Monday, April 29, 2019

VO Workshop with Mary Mac and Nick Omana!


All day this past Saturday I attended a voiceover workshop taught by Nick Omana and Mary McDonald-Lewis.  You've probably heard Nick's voice on Last Comic Standing or one of a hundred other commercials, promos, or video games like World of Warcraft.  I knew Mary Mac from being the voice of Lady Jaye on the GI JOE cartoon show I used to obsess over when I was a kid, but she's also been Wonder Woman, Lois Lane, Veronica Dean on Archer, and more.  She's also appeared onscreen as Frau Pech in Grimm and is a very successful dialect coach.  So as soon as I saw an announcement for this workshop I jumped at the chance.


From Left: My hairy mug, Mary Mac, our sound engineer Cama, and Nick Omana.

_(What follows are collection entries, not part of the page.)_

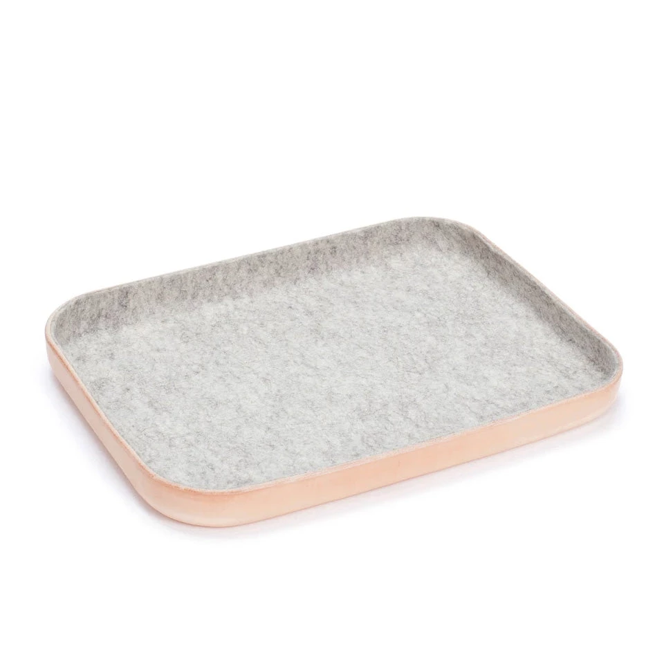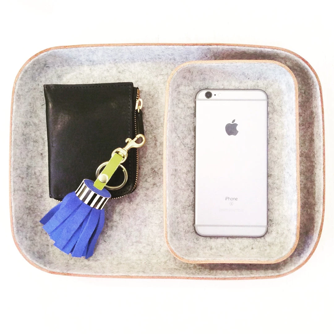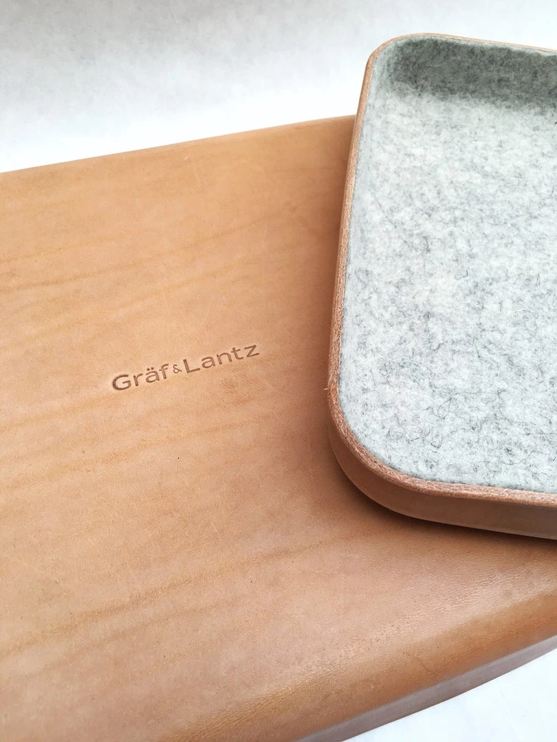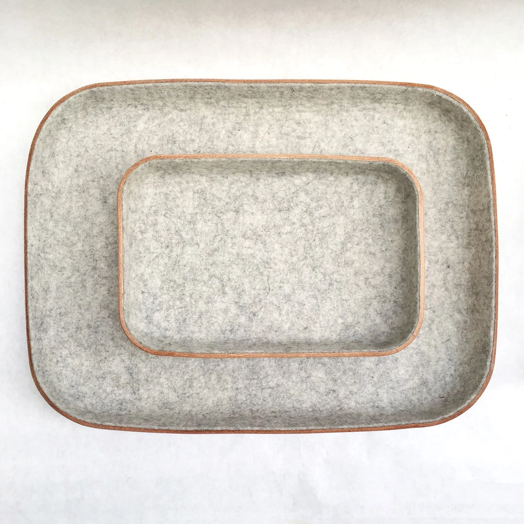 Bonded German merino wool felt and Italian leather tray molded into an innovative and covetable home accessory. Organic form and simple style created for unlimited home organization and display. Made in USA.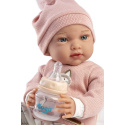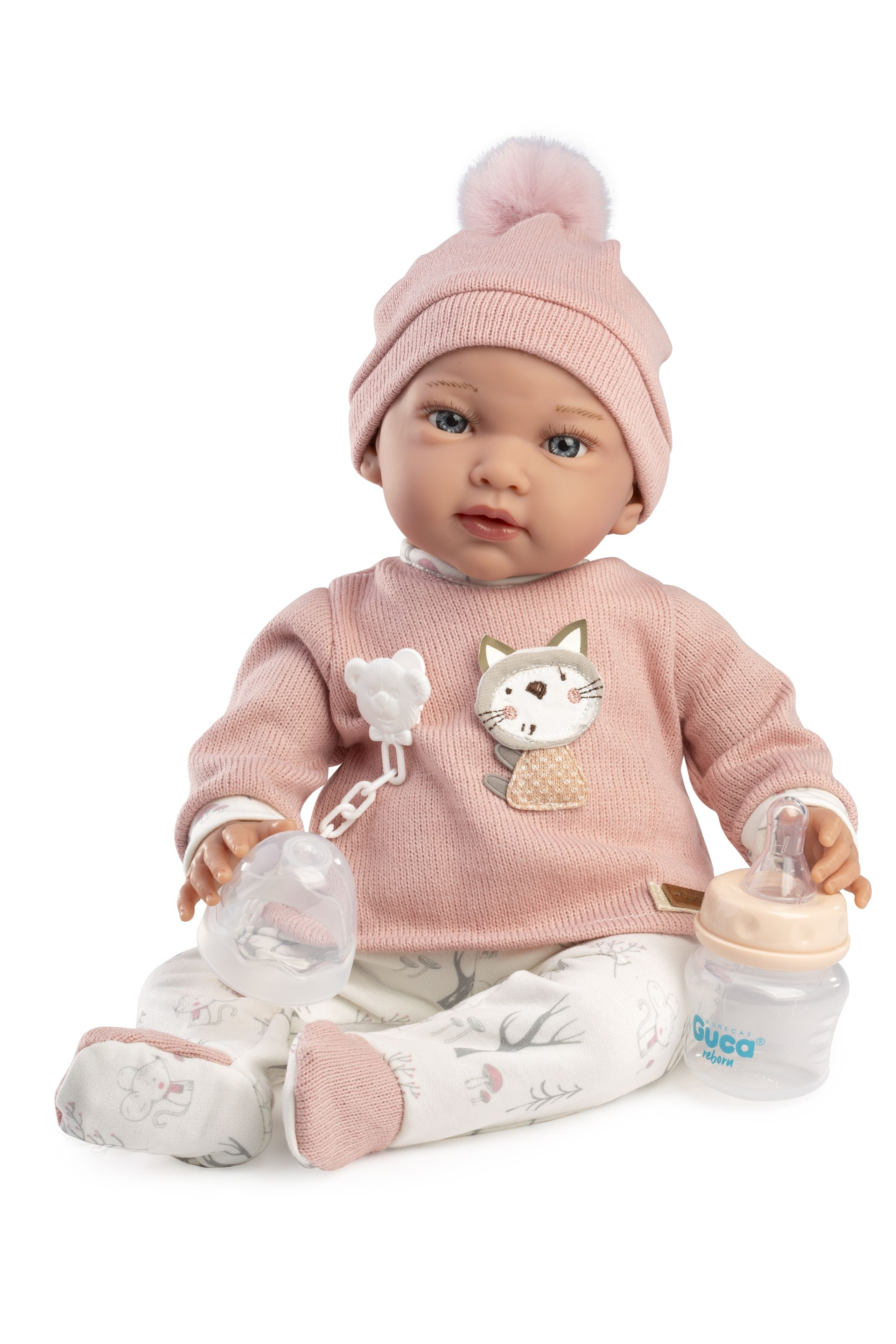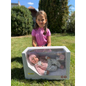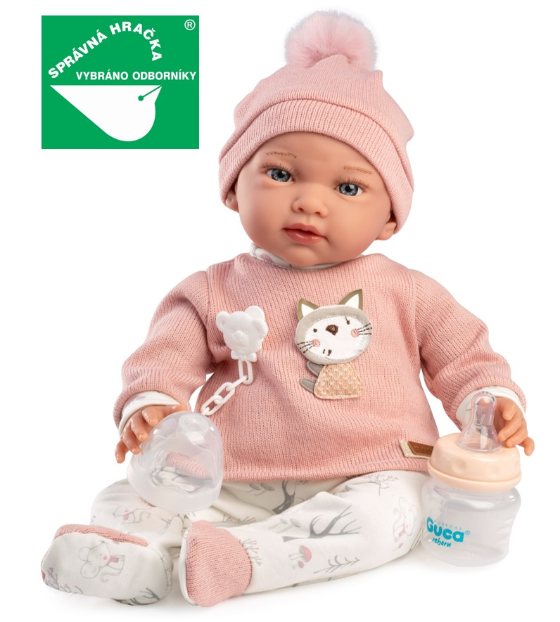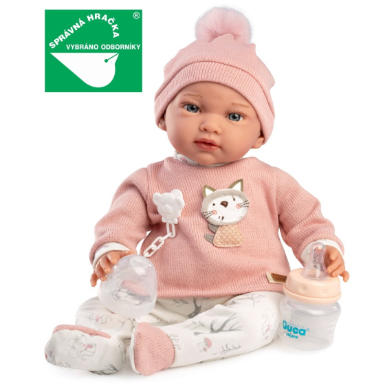 Zátěžová panenka miminko bez zvuku s měkkým látkovým tělem. Ruce a nohy jsou k tělu přichyceny kloubem. Miminko je polohovací a může i sedět, avšak díky zatížení hlavičky jsou její pohyby odlišné od ostatních miminek. Hlavička se jí na krku pohybuje v závislosti na celkové manipulaci s panenkou a v náručí se chová jako skutečné miminko, kterému je potřeba hlavičku ještě přidržovat. Díky zátěžovým výplním v hlavě a na zadečku má tento typ panenky miminka vyšší váhu oproti ostatním (cca 1800 g) a je vnímána jako manipulační panenka, která je vhodná nejen pro děti, ale i pro seniory nebo jako pomůcka pro inkluzi a osoby se speciálními potřebami. Tyto panenky se používají v ergoterapii, kde pomáhají rozvíjet jemnou motoriku a koordinaci u dětí i dospělých. Jsou také výborným pomocníkem při práci s lidmi s demencí, kde navozují klientům pocity klidu a bezpečí. Zátěžová výplň panenky: látkové pytlíky plněné křemičitým pískem. Velikost 42 cm. Ručně vyrobeno ve Španělsku, baleno v dárkové krabici. Doporučený věk od 3 let.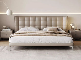 维利品尚 现代简约 接触面头层真皮+实木内架+15公分排骨架+镀铬银脚 1.8米床

The workshop itself was almost all practical experience, getting tons of time in a professional recording booth over at Rex Production and Post here in Portland.  Our lovely and talented sound engineer, Cama, ran everything from behind the glass allowing Mary and Nick to direct us in a variety of commercial reads; emphasizing relaxed control, strong choices, and what Mary called your "heart voice", or the voice most authentic and truthful to you.  She'd immediately point out when she didn't believe what you were saying, and the little fine tuning and adjustment to get something that sounded great was immensely helpful in learning how to take direction well.

If they read this post, I want to again thank Mary, Nick, Cama, and everyone at Rex Post so much for the opportunity to attend this workshop.  I learned so much and I can't wait to put it into practice.  I'll definitely be keeping all three in mind when I'm ready to do my professional demos!

I think it was Dee Bradley Baker who I heard say that there were three or four stages to being an actor, or becoming a master at anything.  I can't remember exactly what he said, so this is probably horribly misquoted.  However, he said something like the stages are: (1) There's when you're bad but don't know why, (2) there's when you find out how bad you really are, (3) then when you can be good by accident, and finally (4) when you can be consistently good at it.  I think I can reasonably say that I've fully reached stage two after almost two years at this, and I'm making my way toward three.  Today was a big jump toward that end goal of being consistently good.


Check out this little dude guarding the hallway at Rex Post.

In other news, the new home booth has been fantastic so far and I've been auditioning up a storm for pay and for practice on many casting call websites.  I'll be posting the ones I thought were the best along with any casting news I might receive once they've closed.  Most likely it'll be the ones I didn't get, so I don't break any confidentiality with any new project I might get to contribute to.